Your instructions:
Copy the data exactly, pictures aside.

Recorded data:
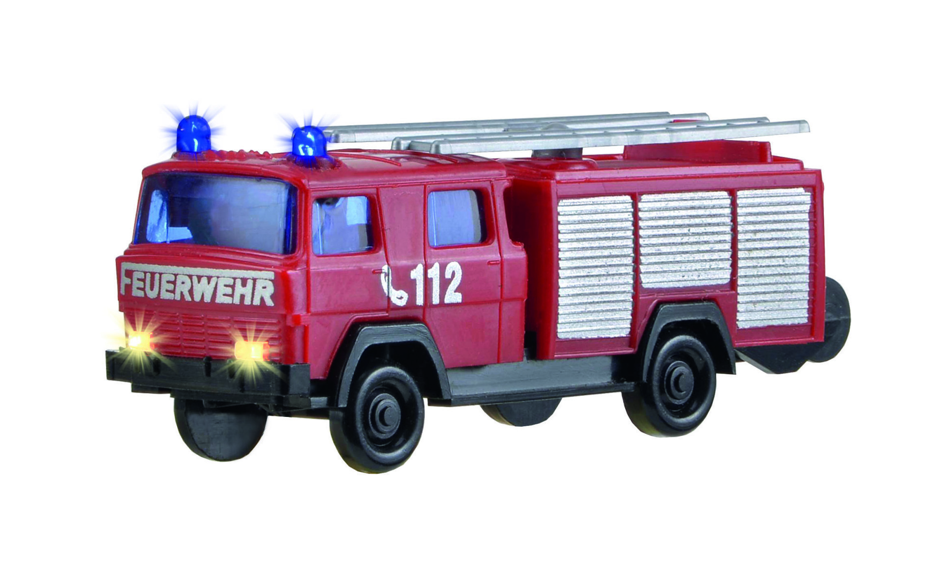Mit 2 funktionsfähigen Blaulichtern, Blinkelektronik sowie Front- und Heckbeleuchtung. Basismodell: Wiking. Ersatzglühlampen Art. 3506, 3515. Das passende Soundmodul Art. 5559 erzeugt die realistischen, auf das Fahrzeug abgestimmten Geräusche. Es verfügt außerdem über 7 frei wählbare Soundvarianten.
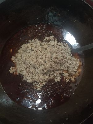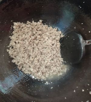 锅中倒入适量的油,把肉末放进去炒干水分后盛起来!
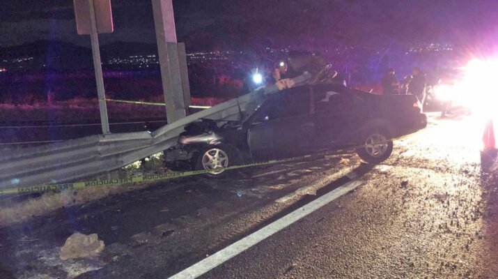 Tratándose de un vehículo de la marca Toyota tipo Camry con matrículas extranjeras del estado de California, el cual al llegar dicho lugar su conductor pierde el control y choca contra la barrera metálica, donde dos personas resultaron lesionadas atendidas por personal de la Cruz Roja y de la ambulancia AMEC traslada a uno de ellos a un hospital para su valoración médica. Mientras que en el lugar dos personas resultaron sin vida.
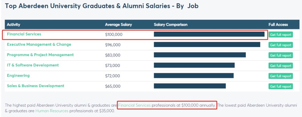 比如阿伯丁大学,毕业生薪酬最高的专业是金融,年薪为$100,000。

Response for this exercise:
Mit 2 funktionsfähigen Blaulichtern, Blinkelektronik sowie Front- und Heckbeleuchtung. Basismodell: Wiking. Ersatzglühlampen Art. 3506, 3515. Das passende Soundmodul Art. 5559 erzeugt die realistischen, auf das Fahrzeug abgestimmten Geräusche. Es verfügt außerdem über 7 frei wählbare Soundvarianten.
 锅中倒入适量的油,把肉末放进去炒干水分后盛起来!
 Tratándose de un vehículo de la marca Toyota tipo Camry con matrículas extranjeras del estado de California, el cual al llegar dicho lugar su conductor pierde el control y choca contra la barrera metálica, donde dos personas resultaron lesionadas atendidas por personal de la Cruz Roja y de la ambulancia AMEC traslada a uno de ellos a un hospital para su valoración médica. Mientras que en el lugar dos personas resultaron sin vida.
 比如阿伯丁大学,毕业生薪酬最高的专业是金融,年薪为$100,000。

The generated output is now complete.